Task details
The expected result is a word-for-word copy of the entries, minus any pictures.

(Items from a data source)
%%

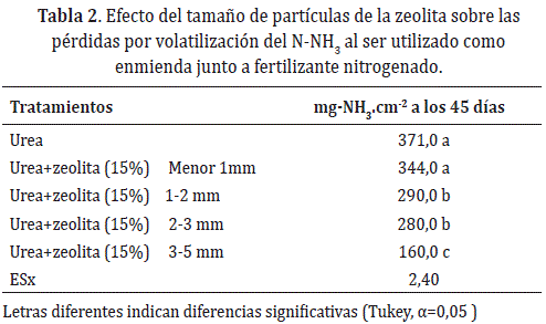 Efecto del tamaño de partícula de zeolita en la volatilización del nitrógeno. La aplicación de zeolita con tamaño de partícula mayor a 1mm redujo significativamente la volatilización del nitrógeno a los 45 días después de la aplicación de la urea (Tabla 2). La reducción de emisiones de nitrógeno en formas amoniacales en los tratamientos con zeolita estuvo entre 7,3% y 56,9% con respecto a la aplicación de la urea sin enmienda. A mayor tamaño de partícula, la reducción de la volatilización del nitrógeno fue menor, siendo las partículas entre 3 - 5 mm significativamente más efectivas que aquellas menores a 3 mm. El mayor tamaño de partícula redujo la volatilización en 53,5, 44,8 y 42,9% con respecto a los tamaños < 1mm, 1-2 mm y 2-3 mm. Similares resultados fueron hallados por Urquiaga y Zapata (2002) quienes reportaron reducción del orden de 46,6 y 47,8% en la volatilización del nitrógeno al usar urea más 15% de zeolita en suelos vertisoles pélicos y Grey nodulares, respectivamente. El mayor tamaño de partícula obtuvo el mejor comportamiento debido posiblemente a la similitud granulométrica entre la zeolita y el fertilizante utilizado, que garantizó mayor y mejor contacto entre partículas, favoreciendo la adsorción de amonio (Tarkalson, 2010; Malekian et al., 2011).
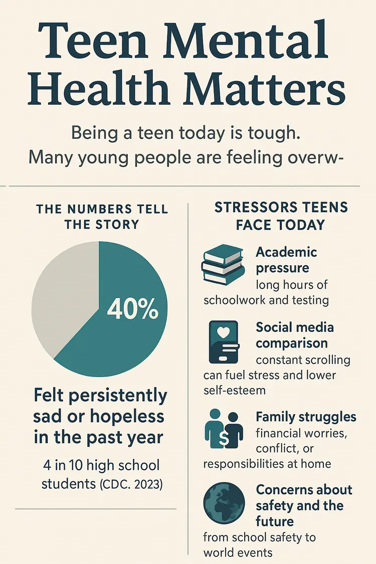 Being a teen today is tough. Between pressure at school, the constant buzz of social media, family responsibilities, and a world that feels uncertain, many young people are feeling overwhelmed. That’s why mental health matters now more than ever—for teens and for the adults who support them.
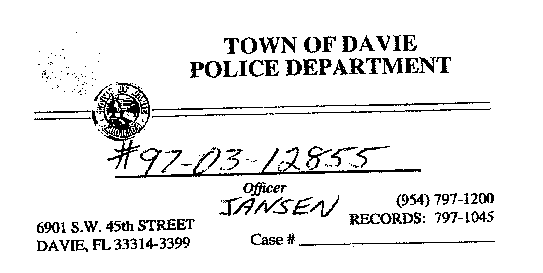 Davie Police Officer Gregory Jansen was dispatched when Plaintiffs tried to run over the defendant with their car. The Defendant was an FBI Informant/Witness against them, and the former owner of the property, a deported Columbian Alien.Jansen's Police Report was scheduled to be used in a trial against Plaintiffs Scott Bagwell and Cindy Gregory, but guess what?
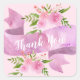 Mujer y bonita etiqueta cuadrada rosa claro con las palabras "Gracias" en una elegante escritura blanca, con un fondo de cinta de lavanda púrpura. Dos hermosos arreglos florales de acuarela primaveral con rosas rosadas y vegetación completan el diseño.
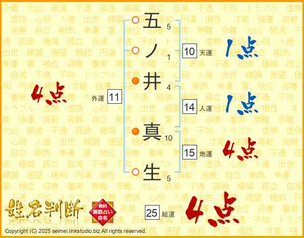 五(5画)ノ(1画)井(4画) 真(10画)生(5画)
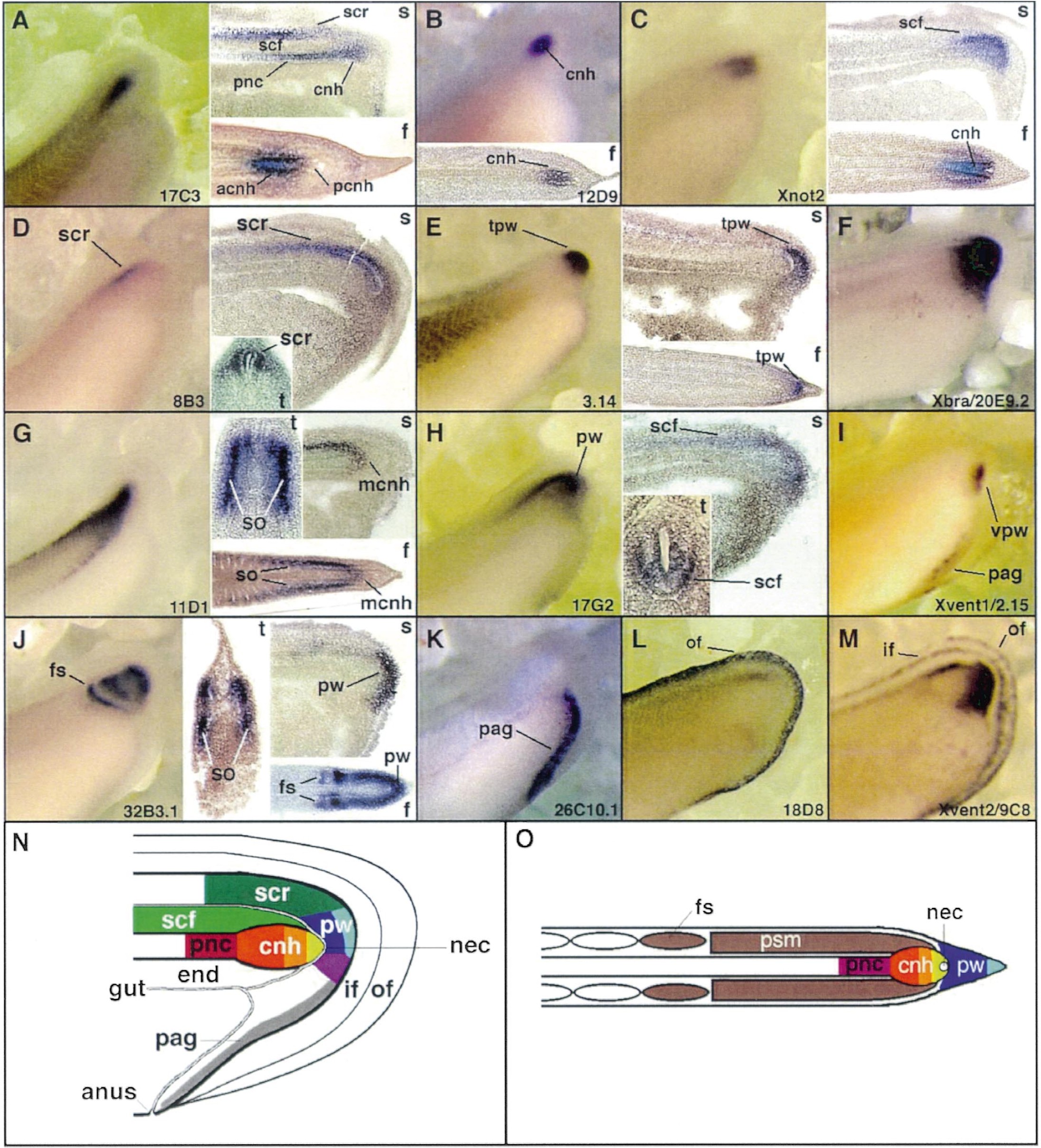 Fig. 5. Tail regionalization. Whole-mount in situ hybridizations were carried out on tailbud embryos. The tail region in lateral view and vibratome sections thereof are shown. (A) Show selected marker gene expression, (N and O) show diagrams summarizing the identified domains in mid-sagittal and frontal view, respectively. Where indicated, frontal (f, posterior to the right), sagittal (s, posterior to the right), or transverse (t, dorsal to the top) vibratome sections are shown. Abbreviations: acnh, anterior chordoneural hinge; cnh, chordoneural hinge; end, endoderm; fs, forming somites; if, inner fin; mcnh, mid chordoneural hinge; of, outer fin; nec, neurenteric canal; pag, post-anal gut; pcnh, posterior chordoneural hinge; psm, presomitic mesoderm; pnc, posterior notochord; pw, posterior wall; scf, spinal cord floor; scr, spinal cord roof; so, somites; tpw, tip of posterior wall; vpw, ventral posterior wall. |
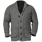 More information about Men's Cardigan Sweater Cropped Sweater Knit Sweater Ribbed Knit Regular Button Up Plain Shawl Collar Warm Ups Modern Contemporary Casual Daily Wear Clothing Apparel Fall Winter Black Brown M L XL
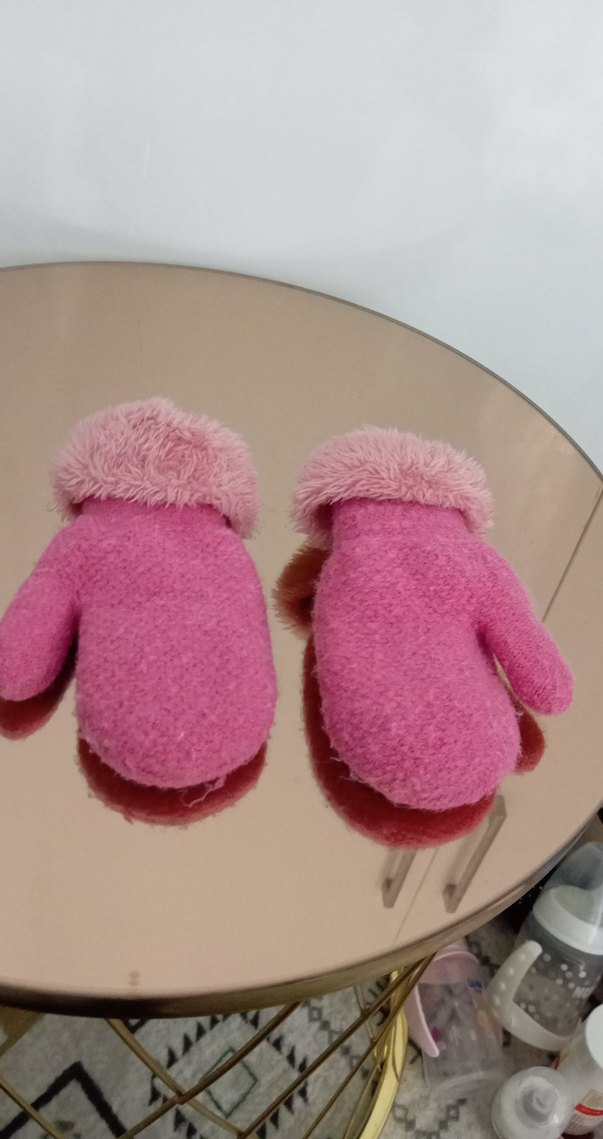 Kız çocukları için pembe, yumuşak ve sıcak kumaştan yapılmış, bilek kısmı kürklü eldivenler.
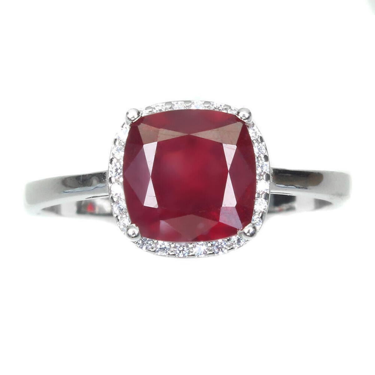 925 STERLING SILVER;PLATE-14K WHITE GOLD;RING SIZE/Resizeable-9.5;MAIN STONE-RUBY;TOTAL WEIGHT-2.94 GRAM (TOTAL WEIGHT OF SILVER + STONE)DIMENSION-* STONE 8.0 MM. * CZ 1.0 MM. * RING SIZE 9.5 * FACE RING- 10.0 X 10.0 MM.;MAIN STONE SHAPE-CUSHION CUT;MAIN STONE COLOR- BLOOD RED;TREATMENT-- Yes;ORIGIN-MADAGASCAR;HARDNESS-9;
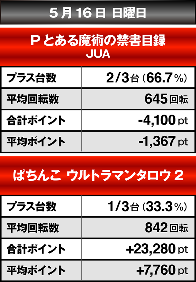 そのほかにも、「P戦国乙女6 暁の関ヶ原」や「Pとある魔術の禁書目録JUA」など、ミドルタイプを中心に幅広いスペックの機種が日曜日を鮮やかに彩り、好結果を残した。
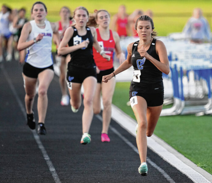 The Bull Dogs went 1-2 in all three distance events and set sectional records in the 4×800 relay and 800. Lily Baker ran a sectional-record 2 minutes, 15,31 seconds in the 800 and anchored the 4×800 relay team that also included Katherine Rumsey, Kyleigh Wolf and Brianna Newell to a sectional-record 9:27.61.

%%

Task output
 Efecto del tamaño de partícula de zeolita en la volatilización del nitrógeno. La aplicación de zeolita con tamaño de partícula mayor a 1mm redujo significativamente la volatilización del nitrógeno a los 45 días después de la aplicación de la urea (Tabla 2). La reducción de emisiones de nitrógeno en formas amoniacales en los tratamientos con zeolita estuvo entre 7,3% y 56,9% con respecto a la aplicación de la urea sin enmienda. A mayor tamaño de partícula, la reducción de la volatilización del nitrógeno fue menor, siendo las partículas entre 3 - 5 mm significativamente más efectivas que aquellas menores a 3 mm. El mayor tamaño de partícula redujo la volatilización en 53,5, 44,8 y 42,9% con respecto a los tamaños < 1mm, 1-2 mm y 2-3 mm. Similares resultados fueron hallados por Urquiaga y Zapata (2002) quienes reportaron reducción del orden de 46,6 y 47,8% en la volatilización del nitrógeno al usar urea más 15% de zeolita en suelos vertisoles pélicos y Grey nodulares, respectivamente. El mayor tamaño de partícula obtuvo el mejor comportamiento debido posiblemente a la similitud granulométrica entre la zeolita y el fertilizante utilizado, que garantizó mayor y mejor contacto entre partículas, favoreciendo la adsorción de amonio (Tarkalson, 2010; Malekian et al., 2011).
 Being a teen today is tough. Between pressure at school, the constant buzz of social media, family responsibilities, and a world that feels uncertain, many young people are feeling overwhelmed. That’s why mental health matters now more than ever—for teens and for the adults who support them.
 Davie Police Officer Gregory Jansen was dispatched when Plaintiffs tried to run over the defendant with their car. The Defendant was an FBI Informant/Witness against them, and the former owner of the property, a deported Columbian Alien.Jansen's Police Report was scheduled to be used in a trial against Plaintiffs Scott Bagwell and Cindy Gregory, but guess what?
 Mujer y bonita etiqueta cuadrada rosa claro con las palabras "Gracias" en una elegante escritura blanca, con un fondo de cinta de lavanda púrpura. Dos hermosos arreglos florales de acuarela primaveral con rosas rosadas y vegetación completan el diseño.
 五(5画)ノ(1画)井(4画) 真(10画)生(5画)
 Fig. 5. Tail regionalization. Whole-mount in situ hybridizations were carried out on tailbud embryos. The tail region in lateral view and vibratome sections thereof are shown. (A) Show selected marker gene expression, (N and O) show diagrams summarizing the identified domains in mid-sagittal and frontal view, respectively. Where indicated, frontal (f, posterior to the right), sagittal (s, posterior to the right), or transverse (t, dorsal to the top) vibratome sections are shown. Abbreviations: acnh, anterior chordoneural hinge; cnh, chordoneural hinge; end, endoderm; fs, forming somites; if, inner fin; mcnh, mid chordoneural hinge; of, outer fin; nec, neurenteric canal; pag, post-anal gut; pcnh, posterior chordoneural hinge; psm, presomitic mesoderm; pnc, posterior notochord; pw, posterior wall; scf, spinal cord floor; scr, spinal cord roof; so, somites; tpw, tip of posterior wall; vpw, ventral posterior wall. |
 More information about Men's Cardigan Sweater Cropped Sweater Knit Sweater Ribbed Knit Regular Button Up Plain Shawl Collar Warm Ups Modern Contemporary Casual Daily Wear Clothing Apparel Fall Winter Black Brown M L XL
 Kız çocukları için pembe, yumuşak ve sıcak kumaştan yapılmış, bilek kısmı kürklü eldivenler.
 925 STERLING SILVER;PLATE-14K WHITE GOLD;RING SIZE/Resizeable-9.5;MAIN STONE-RUBY;TOTAL WEIGHT-2.94 GRAM (TOTAL WEIGHT OF SILVER + STONE)DIMENSION-* STONE 8.0 MM. * CZ 1.0 MM. * RING SIZE 9.5 * FACE RING- 10.0 X 10.0 MM.;MAIN STONE SHAPE-CUSHION CUT;MAIN STONE COLOR- BLOOD RED;TREATMENT-- Yes;ORIGIN-MADAGASCAR;HARDNESS-9;
 そのほかにも、「P戦国乙女6 暁の関ヶ原」や「Pとある魔術の禁書目録JUA」など、ミドルタイプを中心に幅広いスペックの機種が日曜日を鮮やかに彩り、好結果を残した。
 The Bull Dogs went 1-2 in all three distance events and set sectional records in the 4×800 relay and 800. Lily Baker ran a sectional-record 2 minutes, 15,31 seconds in the 800 and anchored the 4×800 relay team that also included Katherine Rumsey, Kyleigh Wolf and Brianna Newell to a sectional-record 9:27.61.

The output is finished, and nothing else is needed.